Racial and economic disparities are a major part of the aging landscape in Pennsylvania. Individuals with resources have access to services and excellent health care. Those without these resources often experience a lower quality of care, leading to health difficulties and reduced longevity.

A major emphasis of this goal is respecting individual choice. It is an important concept, as no one should be forced into a living situation against their will and the overall aging system must not favor one type of care. But individual choice cannot be reserved solely for those with resources. Pennsylvania is now one of only three states that does not permit Medicaid to cover the costs of assisting living or personal care residences in addition to nursing homes. Such a policy severely restricts individual choice – but it is not referenced in the State Plan.

Goal Five: Advocate for the rights of older adults and ensure their safety and dignity by raising awareness of and responding effectively to incidences of abuse, injury, exploitation, violence, and neglect.

Elder abuse, particularly financial exploitation, is an ongoing and growing problem in Pennsylvania. Pennsylvania’s Older Adult Protective Services Act is designed to address and combat this situation. Because of court decisions and the changing nature of elder abuse, the Act needs a significant rewrite. But for the third consecutive legislative session, disputes between the Administration, the House, and the Senate thwarted this effort in 2020.

The State Plan makes the final approval of this legislation the main objective of this goal.
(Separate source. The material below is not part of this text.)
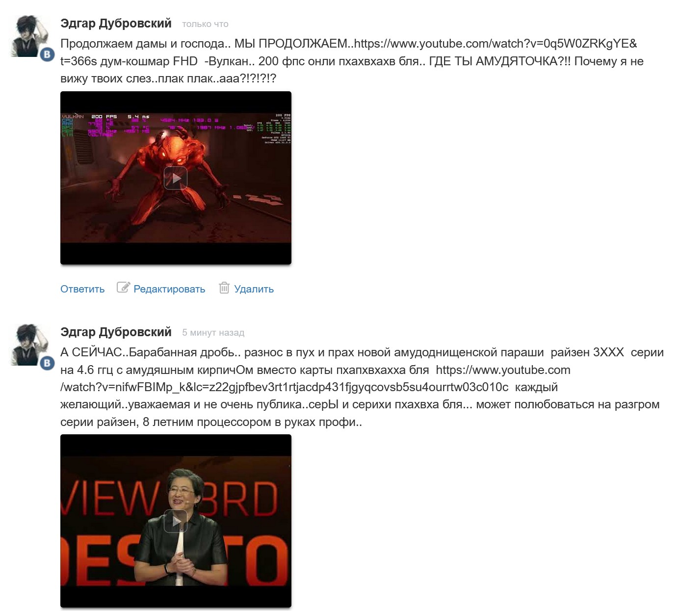 Хуанг работает..пока амд клепает ебаные кирпичи сука.. а вы сосете мою залупу..амудообсосы блять пхахвхаахх :desk: :desk: :cry: :cry:

It may be the clearest objective in the entire State Plan, and it is an objective everyone interested in the welfare of the older population of Pennsylvania should commit to and pressure legislators and the Administration to achieve.

There is a great deal more in Pennsylvania’s 2020-24 State Plan on Aging. The narrative contains an impressive summary of the challenges facing the Commonwealth as the older population increases as well as details of programs available to older Pennsylvanians and how the Department of Aging works with other state agencies on various initiatives and issues.
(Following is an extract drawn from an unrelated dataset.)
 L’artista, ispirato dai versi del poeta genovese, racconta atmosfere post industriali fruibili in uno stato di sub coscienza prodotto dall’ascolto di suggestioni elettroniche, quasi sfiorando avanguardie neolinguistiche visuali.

But while the goals mention a number of important issues and repeatedly emphasize increasing public awareness of programs and initiatives, they lack urgency. Simply providing more information and increasing efficiencies will not solve concerns such as housing and healthcare. 

Meeting the challenges faced by the Commonwealth as our older population grows will require a concerted effort to convince elected officials and the general public to provide the necessary resources and funding. That is the goal which can make the other goals of Pennsylvania’s 2020-24 State Plan on Aging achievable.